WHAT THE TASK REQUIRES
Would you return, word for word, the lines of the data below from the line with "高清智能跟蹤系統可便捷設置三" through the line with "French Terry monstres", and no others?

DATA FOR REVIEW
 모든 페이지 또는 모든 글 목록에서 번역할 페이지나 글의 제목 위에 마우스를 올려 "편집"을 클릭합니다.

==

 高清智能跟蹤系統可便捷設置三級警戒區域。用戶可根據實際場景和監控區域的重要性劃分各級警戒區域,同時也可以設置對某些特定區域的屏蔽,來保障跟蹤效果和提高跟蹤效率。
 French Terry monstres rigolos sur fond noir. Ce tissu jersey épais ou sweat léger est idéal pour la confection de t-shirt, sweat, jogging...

* * *

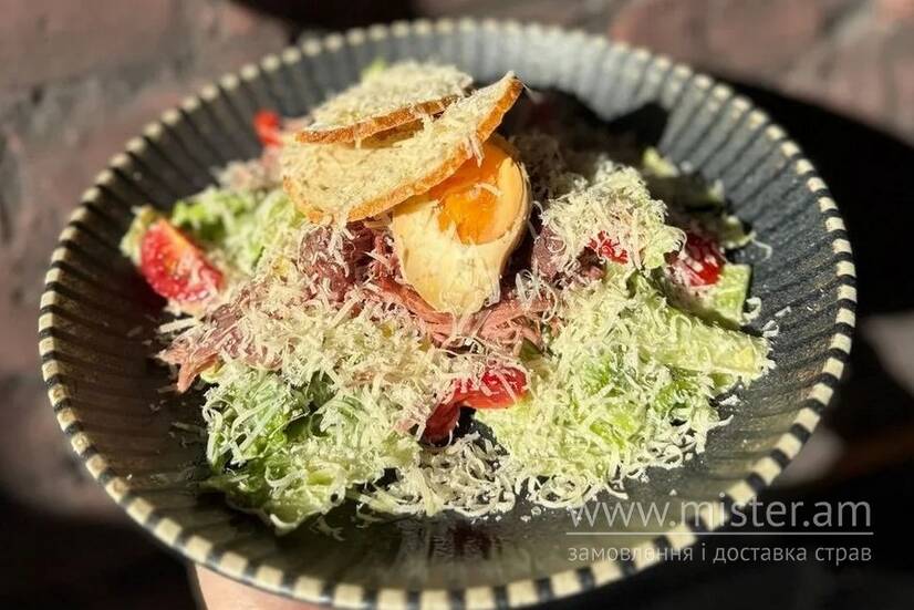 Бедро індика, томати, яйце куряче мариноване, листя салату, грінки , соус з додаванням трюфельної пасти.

SOLUTION
 高清智能跟蹤系統可便捷設置三級警戒區域。用戶可根據實際場景和監控區域的重要性劃分各級警戒區域,同時也可以設置對某些特定區域的屏蔽,來保障跟蹤效果和提高跟蹤效率。
 French Terry monstres rigolos sur fond noir. Ce tissu jersey épais ou sweat léger est idéal pour la confection de t-shirt, sweat, jogging...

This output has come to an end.